Requirement:
Copying task for the records below: reproduce each one exactly and drop the pictures.

Exercise data:
++++
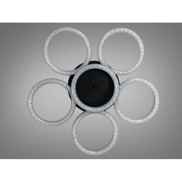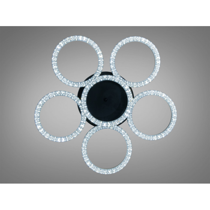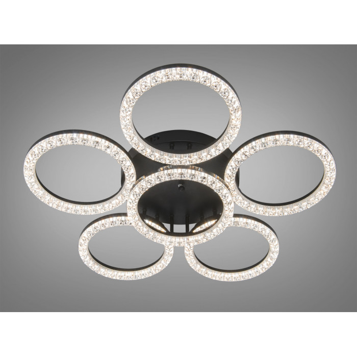 Стельова LED люстра з кільцями Diasha MX4770-5+1BK у чорному кольорі створює виразне, рівномірне освітлення для просторів до 25 м². Композиція з шести кілець (формат умовно 5+1) з акриловими розсіювачами та кристалічним декором формує сучасний вигляд і підкреслює геометрію інтер’єру. Модель монтується безпосередньо до стелі та передбачає стабільну роботу в ролі основного освітлення.
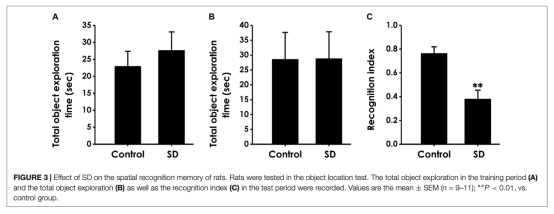 3 物體位置測試數據來自圖3,顯示SD組位置記憶識別指數降低。研究意義是證明SD導致空間記憶缺陷。
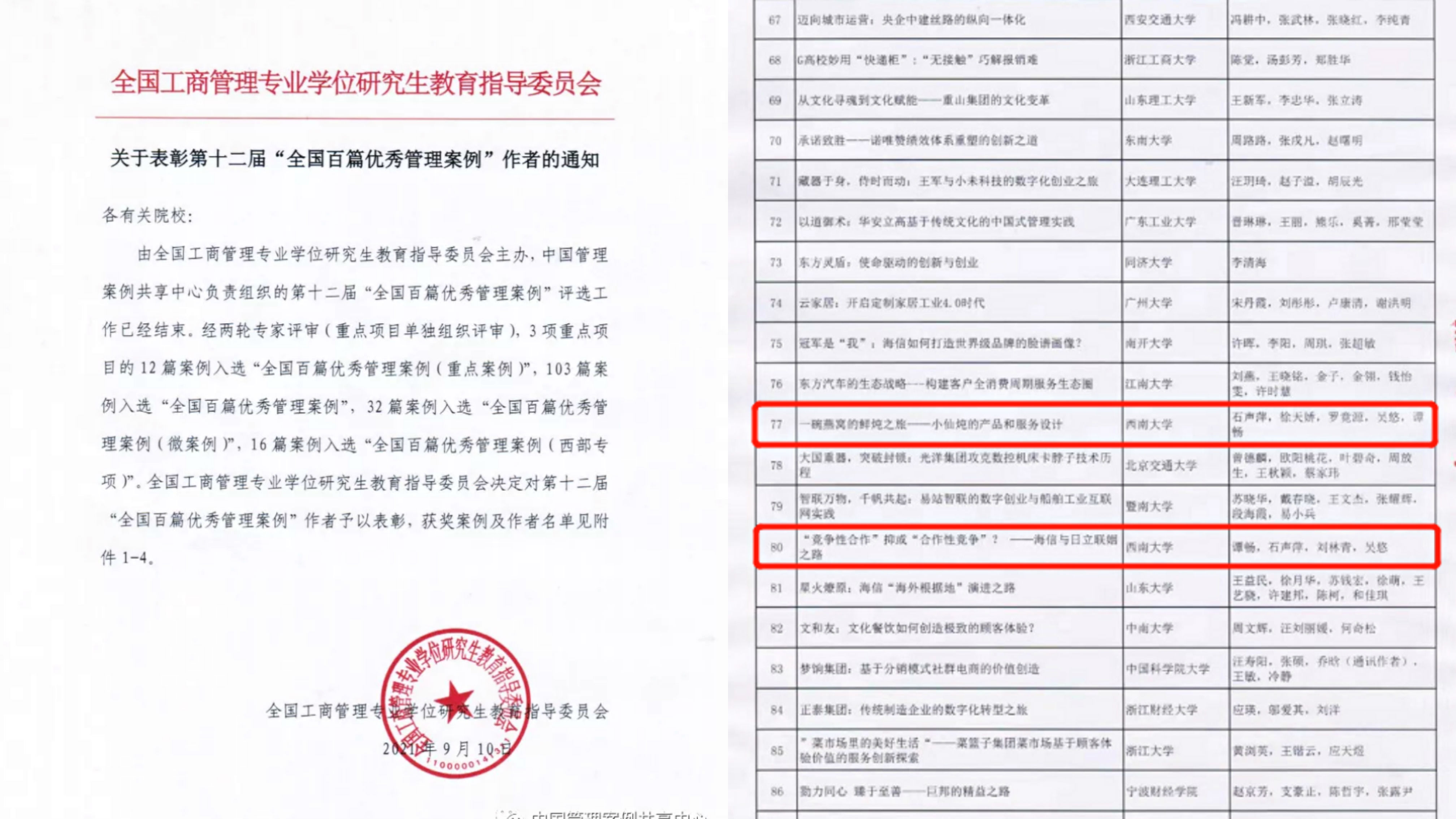 2021年9月10日,由全国工商管理专业学位研究生教育指导委员会主办、中国管理案例共享中心承办的第十二届“全国百篇优秀管理案例”评选结果出炉。公司推荐参选的19篇教学案例,有5篇被评为第...
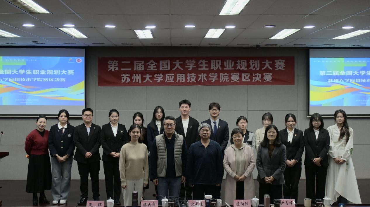11月26日,第二届全国大学生职业规划大赛苏州大学应用技术学院赛区选拔赛决赛在我院孚新楼102报告厅举行。苏州农业职业技术学院招生就业处处长沈长生,我院工学院副院长、智能制造研究院执行院长陈再良,商学院常务副院长陈向阳,周庄文旅学院副院长尹雪峰和招生就业处副处长夏菲担任决赛评委。招生就业处处长周柏海、参赛选手指导教师,以及部分在校生现场观摩。
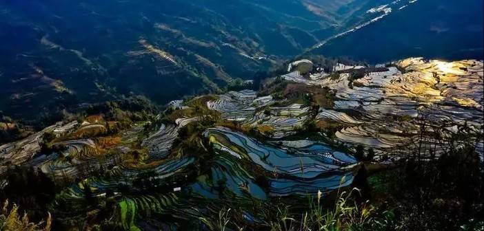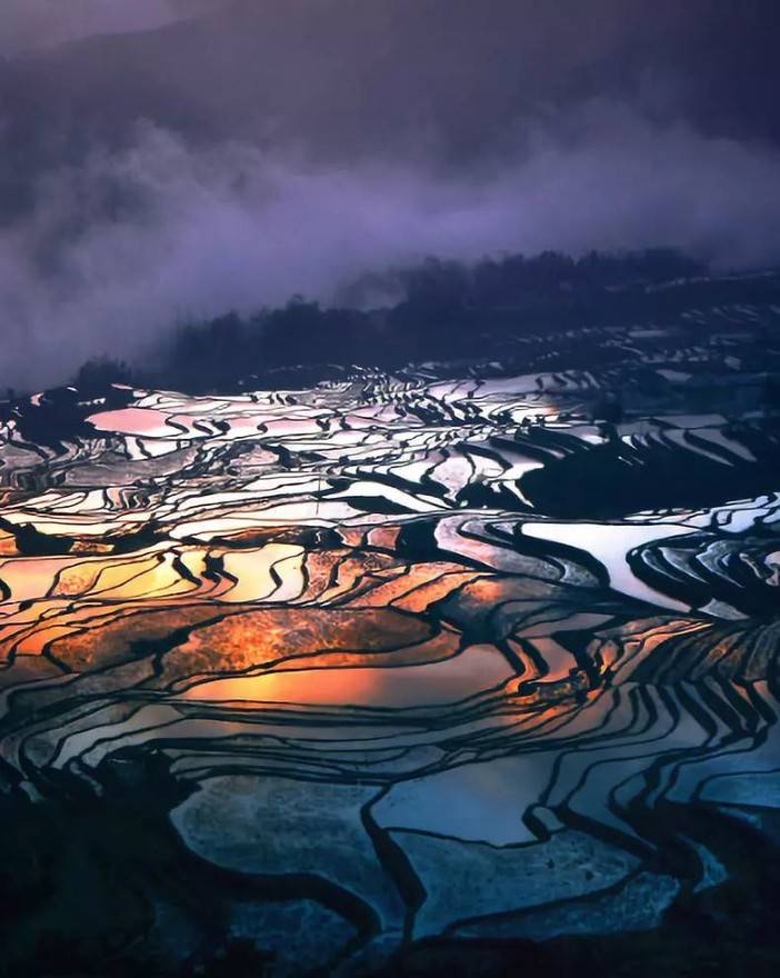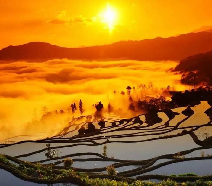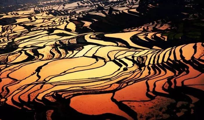 灌了水的梯田,水光交叠,波光粼粼,甚是壮观震撼;
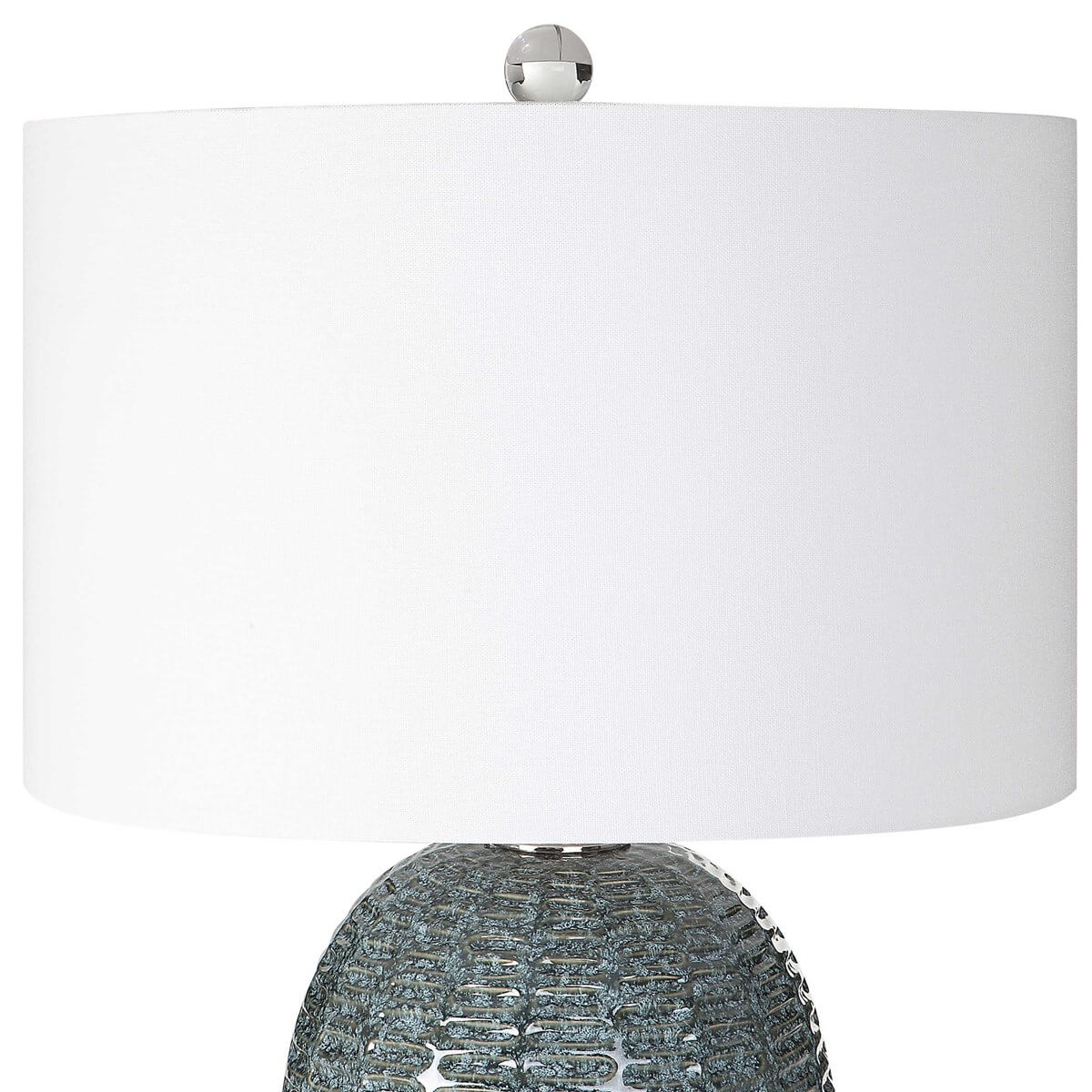 This ceramic table lamp features a repeating geometric motif finished in a mottled blue-green glaze, accented with polished nickel details and a thick crystal foot. The round hardback shade is a casual white linen fabric.
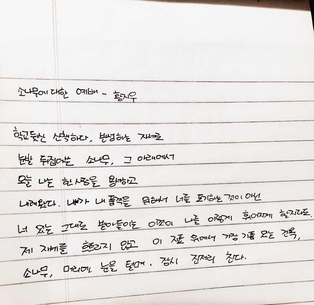 [0401] 074_소나무에 대한 예배 _황지우학교 뒷산 산책하다, 반성하는 자세로,눈발 뒤집어쓴 소나무, 그 아래에서오늘 나는 한 사람을 용서하고내려왔다. 내가 내 품격을 위해서너를 포기하는 것이 아닌,너 있는 그대로 받아들이는 이것이나를 이렇게 휘어지게 할지라도.제 자세를 흐트리지 않고이 지표 위에서 가장 기품 있는건목; 소나무, 머리에 눈을 털며잠시 진저리친다.
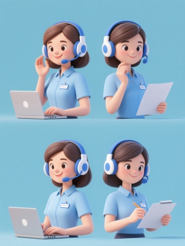 3D卡通风格客服系列插画,四位不同性别、发型、样貌的客服人员,均佩戴耳机,身着蓝色衬衫和黑色领带,面前放置笔记本电脑,每人配有黄色对话气泡,表情友好,动作各异,上下两行整齐排列,纯色背景,整体采用圆润造型,明亮色彩,平滑渐变质感,简洁清晰的视觉层级,符合客服职业特性的亲和力设计。
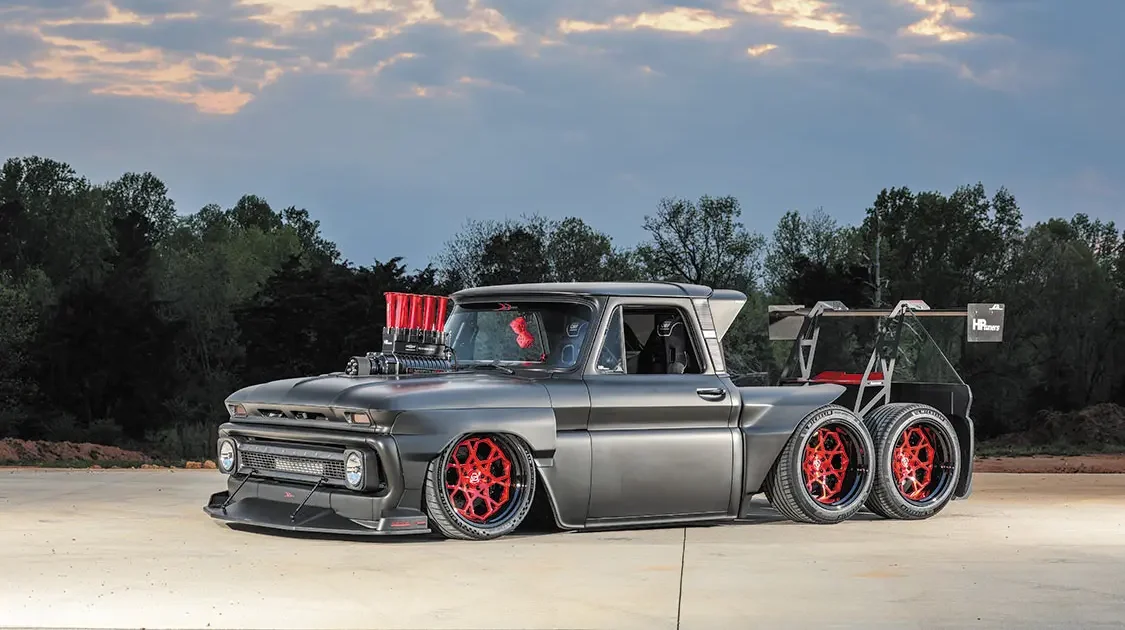 With a little bit of joking around out of the way, the guys started on the build process by requesting the assistance of entrusted Scott’s Hot Rods to fabricate a full custom chassis system that they could fine-tune to jibe with truck’s upcoming dual rear 9-inch pumpkins. Brad first envisioned this project having six wheels, and he never wavered from that initial design even after hearing from every direction just how crazy it was going to be. There was never a doubt in Brad’s mind that Scott’s did deliver on a perfect frame for the C10 complete with a set of Mittler Bros Hydroshox to give the truck 5 inches of adjustability—from an aggressive ride height to low-as-hell parked stance. The wheel selection just had to be killer to fit in with the whole theme of the build, and nothing short of a six-pack of 20-inch Govad G67 wheels wrapped in 275/35/20 Michelin Pilot Sport high-performance tires would do the trick.
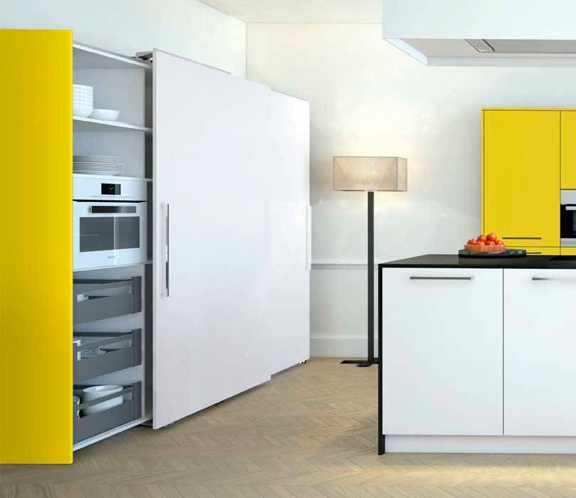 Линейка систем для раздвижных дверей позволяет реализовать любые дизайнерские решения для кухонного гарнитура. Усиленный демпфер для открывания и закрывания обеспечивает комфорт, а с монтажом справится даже любитель.
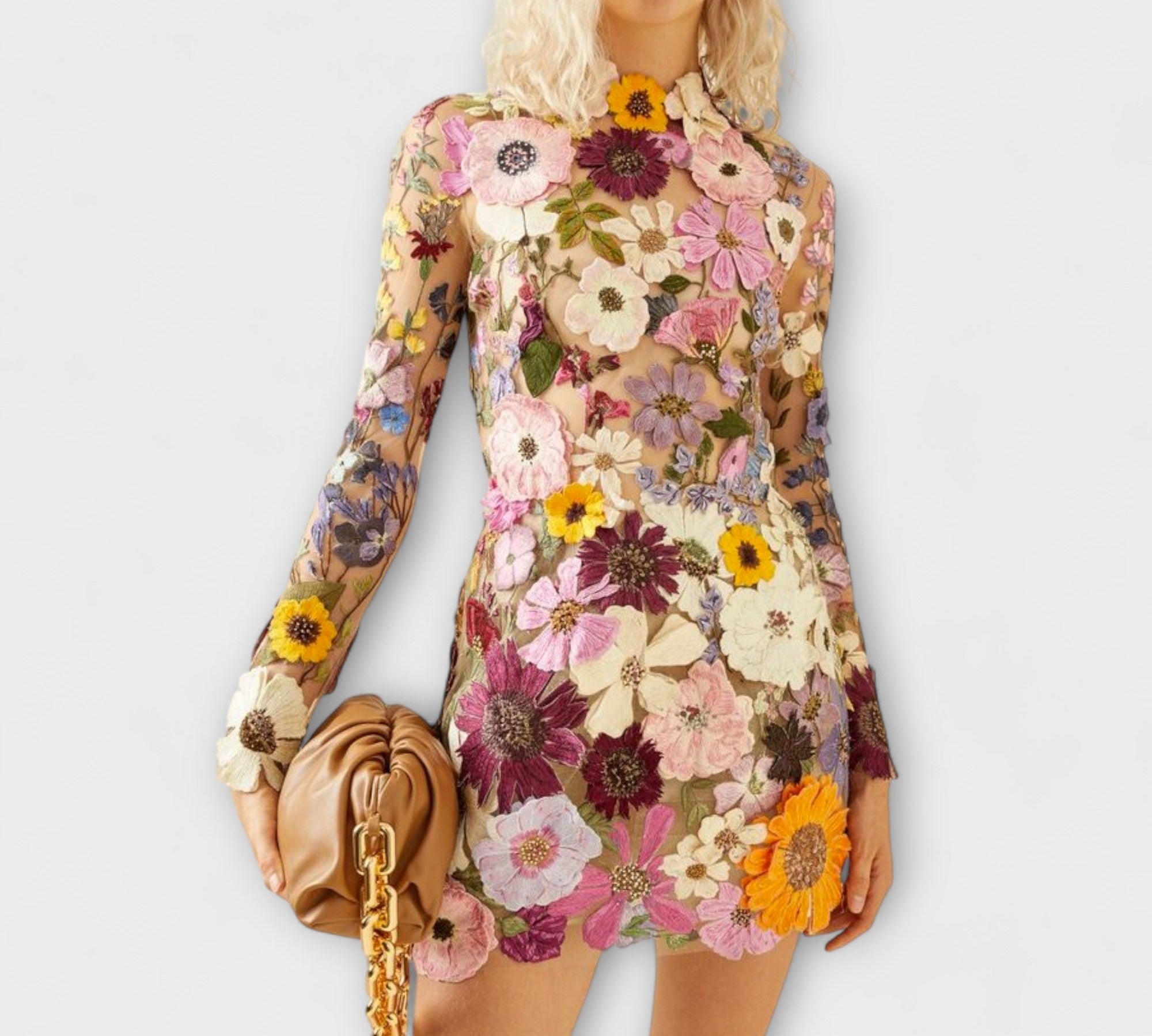 Anora™ | Crna elegantna baršunasta pripijena haljina s visokim ovratnikom
++++
Exercise answer:
 Стельова LED люстра з кільцями Diasha MX4770-5+1BK у чорному кольорі створює виразне, рівномірне освітлення для просторів до 25 м². Композиція з шести кілець (формат умовно 5+1) з акриловими розсіювачами та кристалічним декором формує сучасний вигляд і підкреслює геометрію інтер’єру. Модель монтується безпосередньо до стелі та передбачає стабільну роботу в ролі основного освітлення.
 3 物體位置測試數據來自圖3,顯示SD組位置記憶識別指數降低。研究意義是證明SD導致空間記憶缺陷。
 2021年9月10日,由全国工商管理专业学位研究生教育指导委员会主办、中国管理案例共享中心承办的第十二届“全国百篇优秀管理案例”评选结果出炉。公司推荐参选的19篇教学案例,有5篇被评为第...
11月26日,第二届全国大学生职业规划大赛苏州大学应用技术学院赛区选拔赛决赛在我院孚新楼102报告厅举行。苏州农业职业技术学院招生就业处处长沈长生,我院工学院副院长、智能制造研究院执行院长陈再良,商学院常务副院长陈向阳,周庄文旅学院副院长尹雪峰和招生就业处副处长夏菲担任决赛评委。招生就业处处长周柏海、参赛选手指导教师,以及部分在校生现场观摩。
 灌了水的梯田,水光交叠,波光粼粼,甚是壮观震撼;
 This ceramic table lamp features a repeating geometric motif finished in a mottled blue-green glaze, accented with polished nickel details and a thick crystal foot. The round hardback shade is a casual white linen fabric.
 [0401] 074_소나무에 대한 예배 _황지우학교 뒷산 산책하다, 반성하는 자세로,눈발 뒤집어쓴 소나무, 그 아래에서오늘 나는 한 사람을 용서하고내려왔다. 내가 내 품격을 위해서너를 포기하는 것이 아닌,너 있는 그대로 받아들이는 이것이나를 이렇게 휘어지게 할지라도.제 자세를 흐트리지 않고이 지표 위에서 가장 기품 있는건목; 소나무, 머리에 눈을 털며잠시 진저리친다.
 3D卡通风格客服系列插画,四位不同性别、发型、样貌的客服人员,均佩戴耳机,身着蓝色衬衫和黑色领带,面前放置笔记本电脑,每人配有黄色对话气泡,表情友好,动作各异,上下两行整齐排列,纯色背景,整体采用圆润造型,明亮色彩,平滑渐变质感,简洁清晰的视觉层级,符合客服职业特性的亲和力设计。
 With a little bit of joking around out of the way, the guys started on the build process by requesting the assistance of entrusted Scott’s Hot Rods to fabricate a full custom chassis system that they could fine-tune to jibe with truck’s upcoming dual rear 9-inch pumpkins. Brad first envisioned this project having six wheels, and he never wavered from that initial design even after hearing from every direction just how crazy it was going to be. There was never a doubt in Brad’s mind that Scott’s did deliver on a perfect frame for the C10 complete with a set of Mittler Bros Hydroshox to give the truck 5 inches of adjustability—from an aggressive ride height to low-as-hell parked stance. The wheel selection just had to be killer to fit in with the whole theme of the build, and nothing short of a six-pack of 20-inch Govad G67 wheels wrapped in 275/35/20 Michelin Pilot Sport high-performance tires would do the trick.
 Линейка систем для раздвижных дверей позволяет реализовать любые дизайнерские решения для кухонного гарнитура. Усиленный демпфер для открывания и закрывания обеспечивает комфорт, а с монтажом справится даже любитель.
 Anora™ | Crna elegantna baršunasta pripijena haljina s visokim ovratnikom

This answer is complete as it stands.